Implement tiered storage (hot, warm, cold) with automatic demotion and promotion. Implement cold export to S3, Azure Blob, and on-premises storage. Implement the Signature Family Status Registry and the deprecation-aware verification path. Implement per-tenant HATS tier enforcement at write time. Deliverable: production-grade evidence storage with regulatory-compliant retention and lifecycle management.
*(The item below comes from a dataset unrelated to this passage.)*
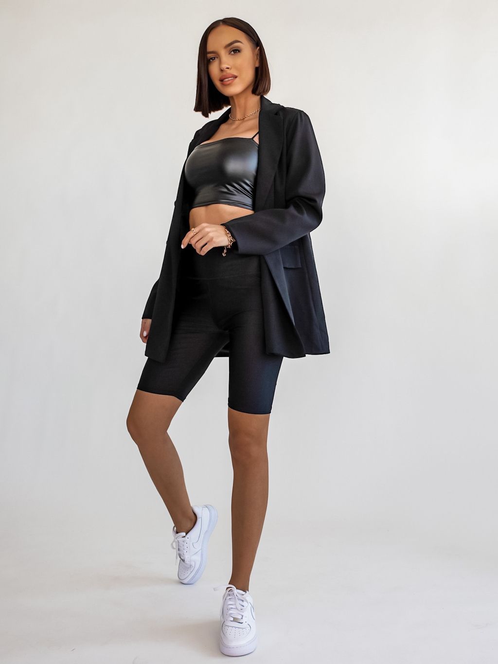 Čierne lesklé krátke legíny CANDOR

Phase 3 — Q4 2026: Federation + Witness Delivery + Family Rotation

Implement the D-Cachee federation protocol (FIG 23 from patent) with DHT-based bundle routing. Implement the witness delivery API with attested delivery receipts. Implement the re-attestation workflow for signature family rotation. Deliverable: multi-party evidence infrastructure where insurers, policyholders, reinsurers, and regulators each hold independently verifiable copies of attested records.
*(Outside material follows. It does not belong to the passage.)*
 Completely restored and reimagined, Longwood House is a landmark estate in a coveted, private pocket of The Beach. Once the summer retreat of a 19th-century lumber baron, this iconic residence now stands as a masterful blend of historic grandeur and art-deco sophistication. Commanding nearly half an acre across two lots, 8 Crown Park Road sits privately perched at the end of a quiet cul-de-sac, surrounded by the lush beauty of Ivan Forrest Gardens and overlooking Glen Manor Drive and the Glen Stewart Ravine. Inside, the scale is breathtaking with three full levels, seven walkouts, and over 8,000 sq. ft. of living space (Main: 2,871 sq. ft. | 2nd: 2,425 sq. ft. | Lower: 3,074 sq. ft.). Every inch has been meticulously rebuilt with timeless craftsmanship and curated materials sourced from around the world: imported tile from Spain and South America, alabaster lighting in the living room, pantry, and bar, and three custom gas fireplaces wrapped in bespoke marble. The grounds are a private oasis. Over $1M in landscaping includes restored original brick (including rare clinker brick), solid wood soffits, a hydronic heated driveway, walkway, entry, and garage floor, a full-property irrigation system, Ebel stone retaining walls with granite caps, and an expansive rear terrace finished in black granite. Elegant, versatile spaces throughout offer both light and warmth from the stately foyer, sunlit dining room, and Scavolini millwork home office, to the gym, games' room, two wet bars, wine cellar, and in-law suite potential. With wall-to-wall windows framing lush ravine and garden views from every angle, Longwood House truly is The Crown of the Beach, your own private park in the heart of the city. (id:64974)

Phase 4 — Q1 2027: Regulator Keys + ZK Query + Auditor Access

Implement the three-key model (owner, regulator, auditor) with cryptographic scope binding. Implement zero-knowledge query execution over FHE-encrypted attested data. Implement the ZK-STARK proof generation and packaging pipeline for regulatory queries. Implement auditor key access to proof outputs. Deliverable: regulators can ask verifiable questions about encrypted data and receive cryptographically proven answers without data disclosure. Patent pending.

20.1 Patent Coverage

Patent pending. The regulator key architecture and zero-knowledge query capability against FHE-encrypted data with scope-limited key issuance represent novel claims not yet present in any published system. The H33-74 primitive, the Cachee Archive Bundle format, the content-addressed evidence storage model, the witness delivery mechanism, the deprecation-aware verification path, and the cross-instance federation protocol are covered under the pending patent. Claims 124-125 specifically cover batched Merkle response attestation used in the federation synchronization protocol.

20.2 Conclusion

Cachee began as a cache. It became a post-quantum cache. It is becoming a cryptographic evidence infrastructure. The H33-74 primitive — 58 bytes, three independent hardness assumptions, unforgeable without breaking lattice problems, NTRU lattice problems, and hash function security simultaneously — is the atomic unit of evidence for the post-quantum era. The Cachee Archive Bundle makes that evidence portable, permanent, and independently verifiable. The regulator key architecture makes it queryable without disclosure. Every layer produces attestations about the layer below, recursively, with no trust assumptions beyond mathematics.

The infrastructure is being built. The primitives are shipping. The specification is this document.